Black Music Sunday is a weekly series highlighting all things Black music, with over 250 stories covering performers, genres, history, and more, each featuring its own vibrant soundtrack. I hope you’ll find some familiar tunes and perhaps an introduction to something new.
We are coming to the end of Black Music Month. Sometimes the artists featured here are not Black but are known for playing Black music, a subject we haven’t really delved into. This country has checkered history about integrated music venues and musicians who refused to perform for segregated audiences, which I have written about in the past.
Here is a short history on the month: “Celebrating Black Music Month.”

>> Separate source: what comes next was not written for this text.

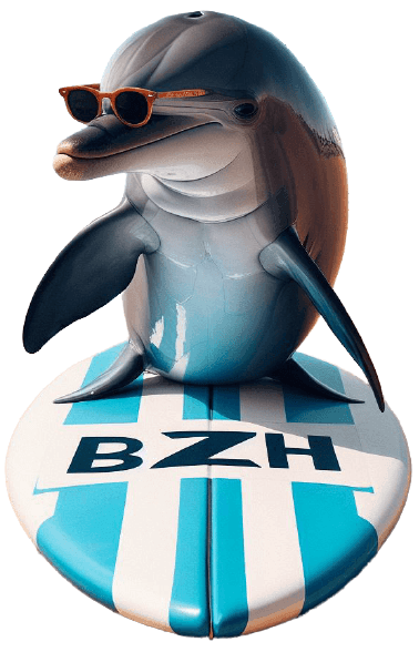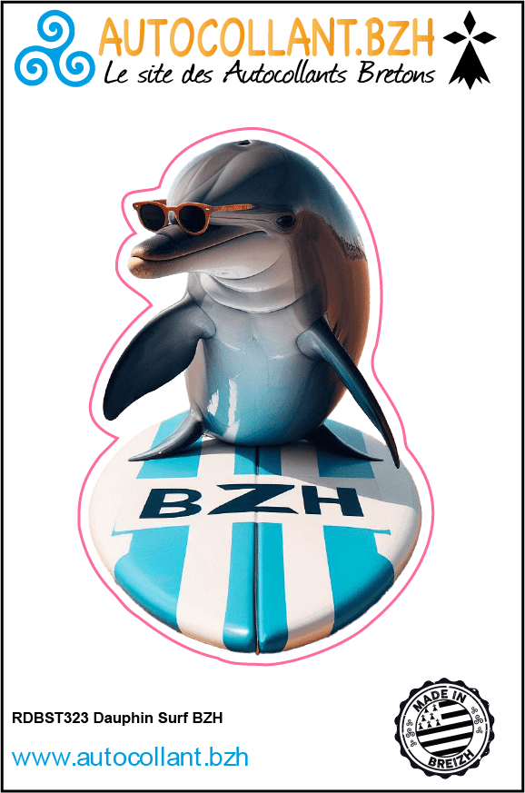 Bringen Sie einen Hauch von Bretagne in Ihre Einrichtung mit diesem originellen Aufkleber, der einen Delphin darstellt, der auf einem Brett mit der Aufschrift „BZH“ surft.

June is African American Music Appreciation Month! Created by President Jimmy Carter in 1979, this month celebrates the African American musical influences that comprise an essential part of our nation’s treasured cultural heritage.
Formerly called National Black Music Month, this celebration of African American musical contributions is re-established annually by presidential proclamation. Though by no means exhaustive, we’ve prepared a primer that will guide you through some of the different genres that African Americans have created, inspired and fostered.
Music professor Philip Ewell wrote this piece for The Conversation: “Why Quincy Jones should be prominently featured in US music education – his absence reflects how racial segregation still shapes American classrooms.”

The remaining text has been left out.